(RECORD EXTRACTS)
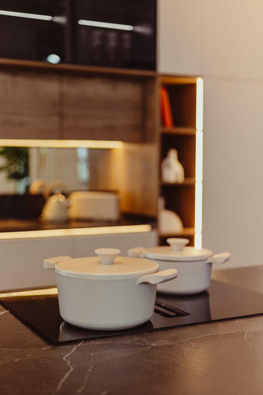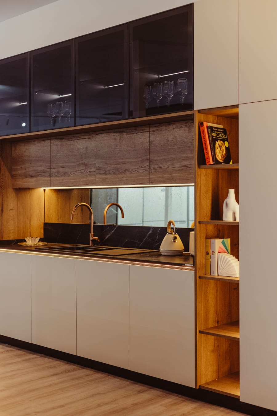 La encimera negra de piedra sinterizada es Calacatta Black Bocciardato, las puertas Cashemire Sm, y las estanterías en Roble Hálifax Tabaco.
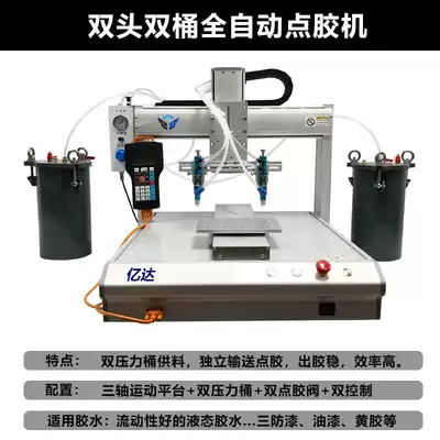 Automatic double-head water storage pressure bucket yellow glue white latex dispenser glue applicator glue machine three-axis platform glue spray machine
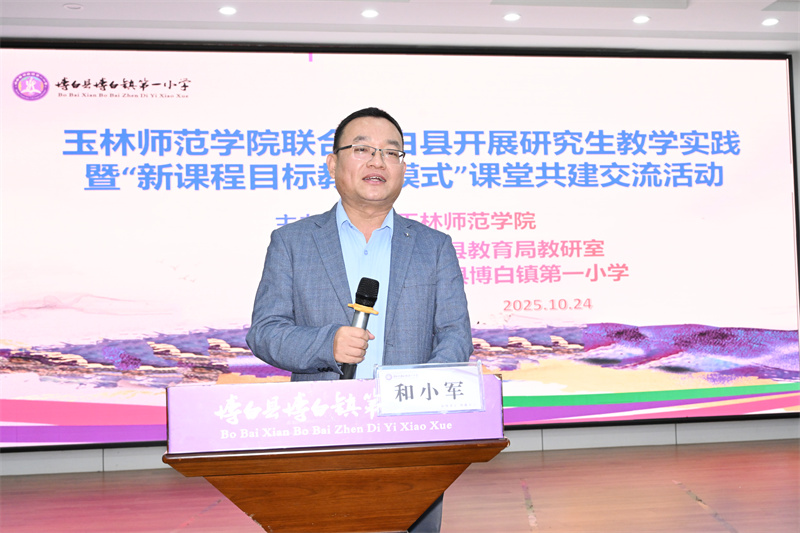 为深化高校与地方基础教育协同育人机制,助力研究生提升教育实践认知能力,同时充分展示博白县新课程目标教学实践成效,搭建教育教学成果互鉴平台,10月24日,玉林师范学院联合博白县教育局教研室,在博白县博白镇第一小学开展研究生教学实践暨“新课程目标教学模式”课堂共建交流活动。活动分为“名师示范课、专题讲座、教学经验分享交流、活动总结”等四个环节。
---
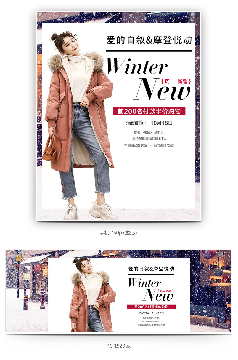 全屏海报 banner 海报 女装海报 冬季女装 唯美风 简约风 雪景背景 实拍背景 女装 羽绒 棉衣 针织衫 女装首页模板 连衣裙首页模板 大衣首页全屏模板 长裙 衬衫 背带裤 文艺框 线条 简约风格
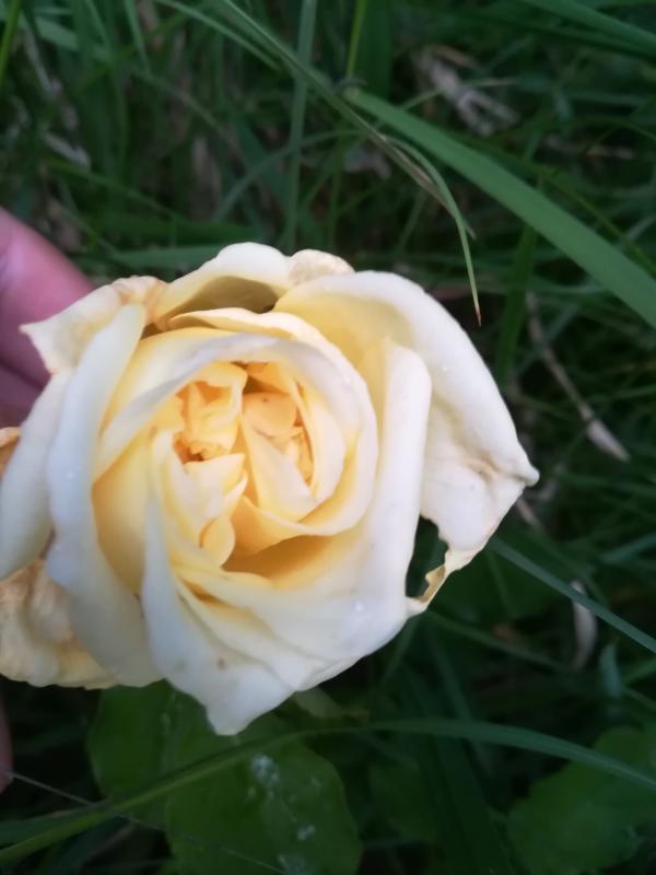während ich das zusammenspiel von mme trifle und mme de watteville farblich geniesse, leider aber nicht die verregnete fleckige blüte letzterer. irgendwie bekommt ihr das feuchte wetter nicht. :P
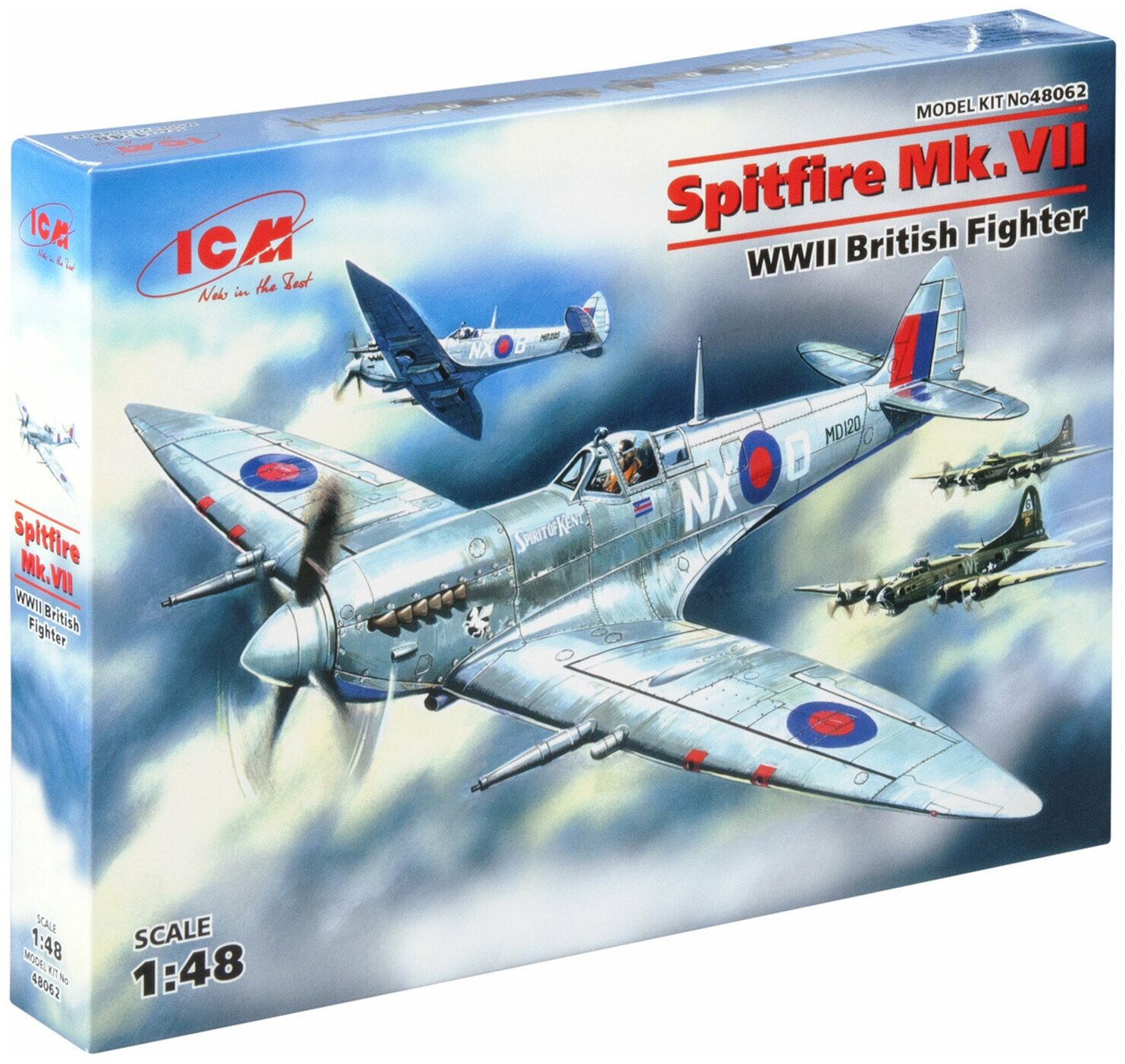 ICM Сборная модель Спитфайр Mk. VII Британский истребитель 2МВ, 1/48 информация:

(WHAT THE TASK ASKS)
Reproduce exactly the lines above starting at the line containing "Automatic double-head water" and ending at the line containing "为深化高校与地方基础教育协同", including both, but not the pictures.

(RESULT FOR THIS TASK)
 Automatic double-head water storage pressure bucket yellow glue white latex dispenser glue applicator glue machine three-axis platform glue spray machine
 为深化高校与地方基础教育协同育人机制,助力研究生提升教育实践认知能力,同时充分展示博白县新课程目标教学实践成效,搭建教育教学成果互鉴平台,10月24日,玉林师范学院联合博白县教育局教研室,在博白县博白镇第一小学开展研究生教学实践暨“新课程目标教学模式”课堂共建交流活动。活动分为“名师示范课、专题讲座、教学经验分享交流、活动总结”等四个环节。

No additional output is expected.